After the session, she was asked what had made her say that the night seemed too light. "I had a vague memory of my eves closed and my eyelids all lit up as if the light was on in the room. But it was very vague."

She was asked why she repeated so many variants on the theme that it wasn't a peaceful night. Despite reinforcement during hypnosis that she would shake some of these memories free afterward, she was not able to do so. She said, "I feel like I'm a piece of spaghetti with you on one end pulling and them on the other end refusing to let go."

She finally closed this section of her regression with, "I just see a light. I mean, it's not dark. You know, it's not dark."

Later in the regression she began to make references to the house being full, as if there were something "different" about it, to use her word. We often have houseguests in the country, and the presence of Jacques and Annie was nothing unusual. Was she trying to indicate that somebody else was present in the house? The transcript was not suggestive enough on this point to be sure, but during both sessions she indicated that a woman was present. There was also that cryptic reference to "a friend" being in our bedroom, a reference that was never expanded upon.

When asked who this friend might be, she said she just had the feeling that somebody was there. Why friend, though, why not simply person?

"It was somebody we knew. An old friend."

"Jacques or Annie?"

"No. Somebody else."

"Can you picture them?"

"No. It's just what I felt."

Then there was the matter of who screamed. We carried out experiments at the house to find out Just how clearly a voice from our son's room coup be heard in our bedroom above.

Screams could be heard easily. But loud talking was much less audible. and it would not have been possible that soft words of comfort could have been heard over screaming, even given our sparse soundproofing.

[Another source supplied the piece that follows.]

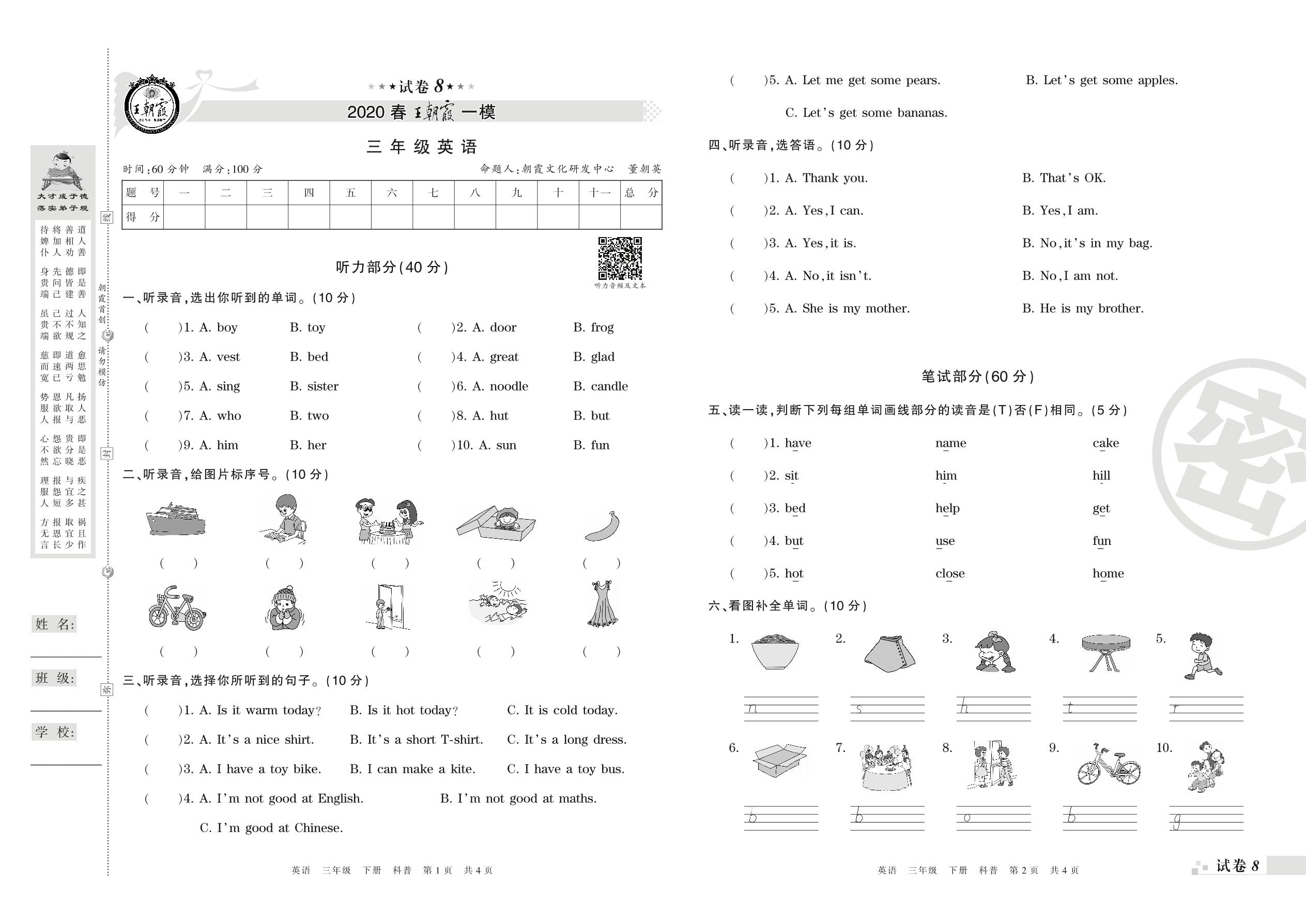 王朝霞期末模拟卷三年级下册英语(科普版)_R210806185806【8】

However, if the screaming was actually much closer to Anne, the words of comfort would also have been audible — especially if they were intended for us both and the screaming was muffled by some unknown effect.

There followed the first of the allusions that supported the notion that I ought to revise my understanding of my life. "I don't think Whitley was there very much. He was gone. You know, he goes sometimes at night. He goes and works. Or he just goes."

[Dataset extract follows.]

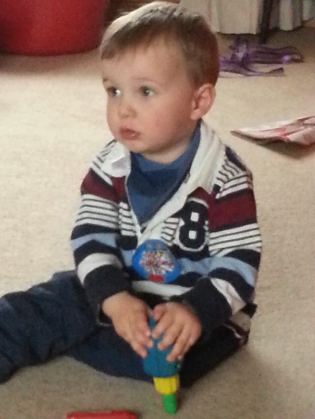 Today he was in navy trousers – am wondering whether there’s just too much navy in his wardrobe as although I buy colours, I find there’s a lot of navy on the bottom half to contrast the top half with! And a scrummy (hmm, apologies) rugby top. I love him in stripes and anything collared seems to suit him well, although his dribble bibs don’t work so well with those.

I don't remember going, though. I never work in the middle of the night. Once I'm in bed, I generally stay there all night unless I hear our son. And that happens no more than two or three times in a year.

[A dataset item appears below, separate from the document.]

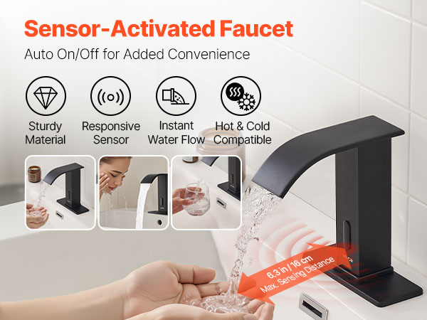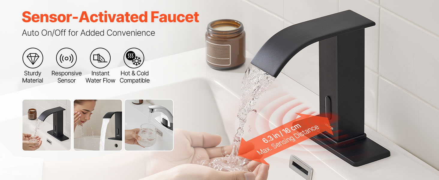 Infrapunatunnistimella varustettu hana käynnistää veden automaattisesti, kun kädet tuodaan anturin lähelle, ja sulkee virtauksen, kun kädet poistuvat. Hygieeninen ja helppokäyttöinen ratkaisu ilman käsin koskemista.

While Anne's hidden role seemed to be that of passive supporter, her own life role is very different. It was clearly revealed by a statement she made before the second session, when Dr. Naiman asked her if her presence in his office was voluntary. "If I had said, No, I'm not going through with this,' I wouldn't be here." She is as independent a person as I know, a committed feminist who is politically and socially as active as she cares to be. Except when it comes to this. In this matter; she is passive, which is in itself awfully strange.